In addition to reduced battery capacity due to chemical reactions slowing down in cold weather, if the car has a resistive heater, it will account for a substantial chunk of battery power. Unlike a combustion engine where the heater gets its energy from waste heat from the engine’s cooling system, electric motors generate little waste heat and all heating energy drains the battery.
Starting in 2020, Tesla, Kia, Nissan, and Volkswagen have replaced resistive heaters on some models with heat pumps (on some makes and models this is an extra-cost feature). Volkswagen claims their heat pump restores around 30% of the range that would be lost to the resistive heater in weather around freezing outside.
Here is an article about electric vehicle heat pumps from Current Automotive, “Model Y is the first Tesla with a heat pump. Here’s why that’s a big deal.”
Can the sensors compensate for snow, either snow on the things which must be observed - like road signs and road markings - or on the apertures of the sensors, themselves?

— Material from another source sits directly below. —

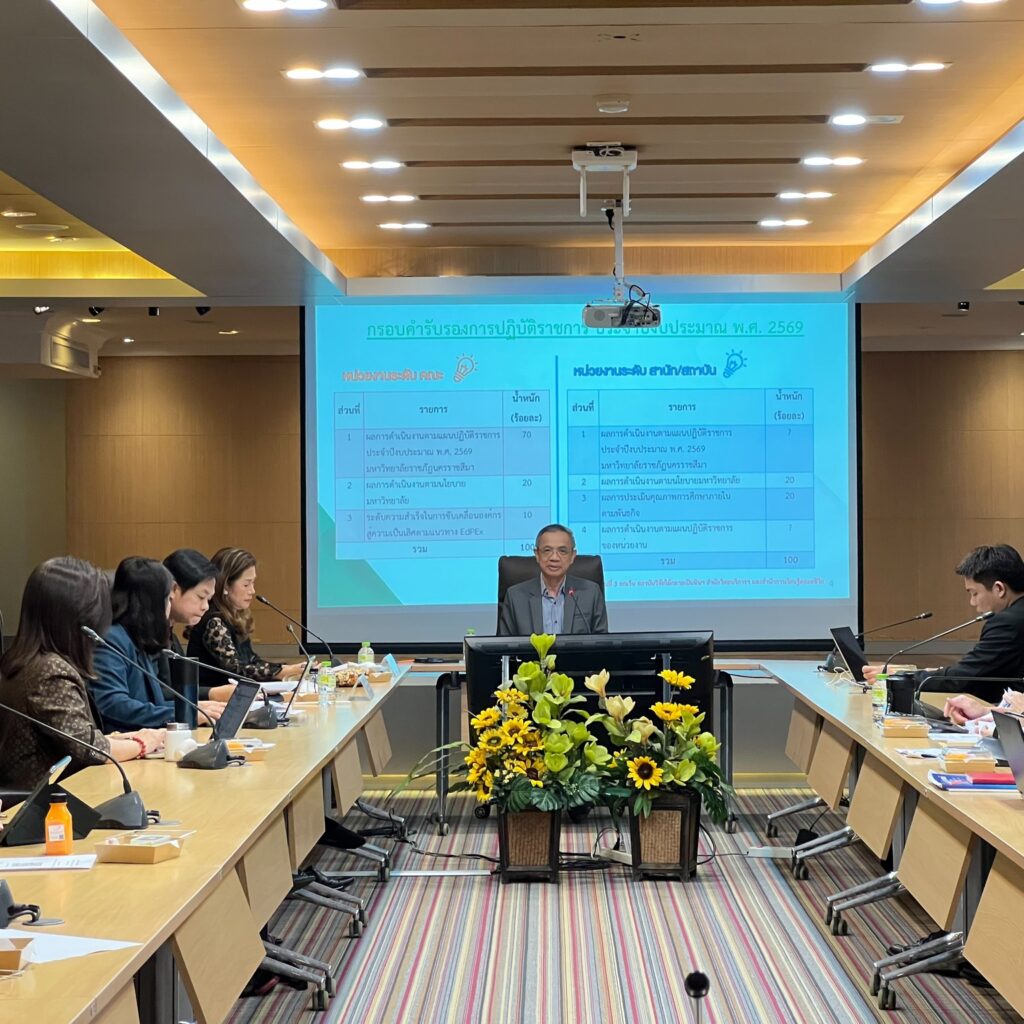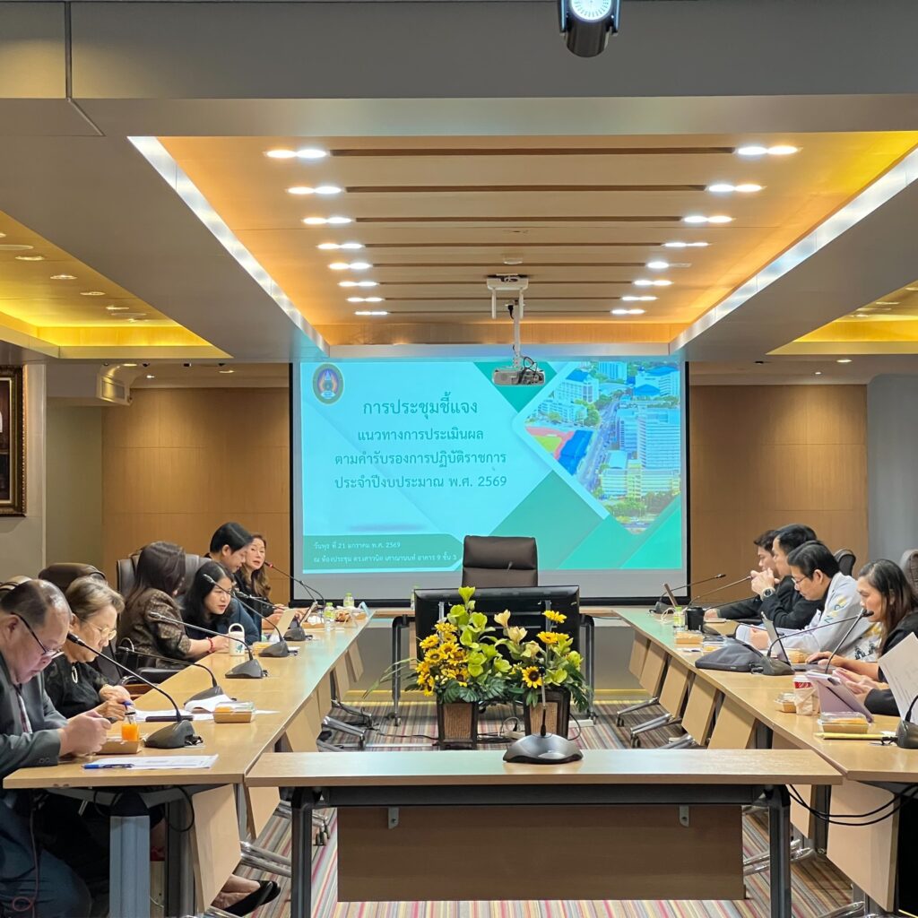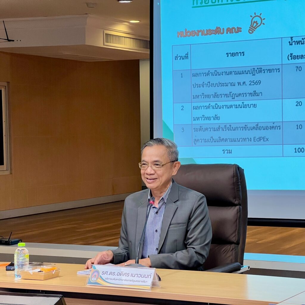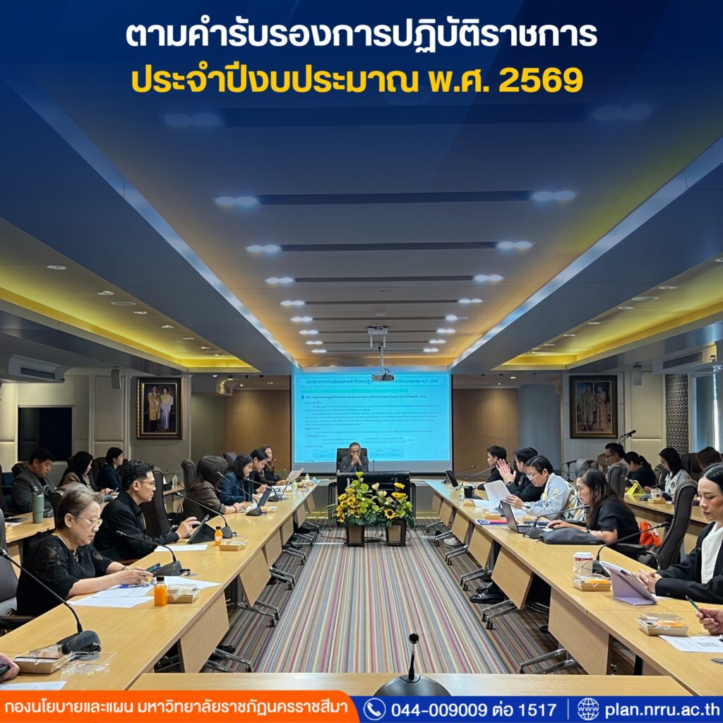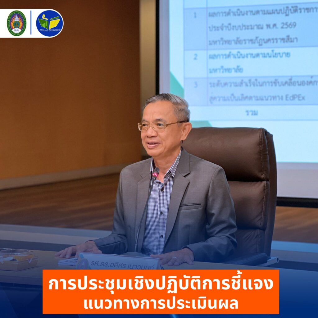 วันพุธที่ 21 มกราคม 2569 มหาวิทยาลัยราชภัฏนครราชสีมา โดยกองนโยบายและแผน จัดประชุมชี้แจงแนวทางการประเมินผลตามคำรับรองการปฏิบัติราชการ ประจำปีงบประมาณ พ.ศ. 2569 ณ ห้องประชุม ดร.เศาวนิต เศาณานนท์ อาคาร 9 ชั้น 3 โดยได้รับเกียรติจาก รศ.ดร.อดิศร เนาวนนท์ อธิการบดี เป็นประธานกล่าวเปิดการประชุม ดำเนินการประชุมโดย ผศ.สุธีรา เข็มทอง รองอธิการบดีฝ่ายแผน งบประมาณและพัฒนาคุณภาพ

The sensors on Teslas are just cameras with, I believe, some near infrared capability as well as visual light sensitivity. The front-facing cameras are inside the windshield and take advantage of the wipers and washer. The side cameras are set high to avoid dirt thrown up from the road. The rear camera may require cleaning. All of the cameras have heaters to deal with snow and fog accumulation: this is like the heaters in LED-based traffic lights for the inverse problem.
Obscuration of road signs is precisely as much a problem for the self-driving cameras as it is for human drivers. Presumably the goal is for the software to be trained to do as well as a human driver with the information available.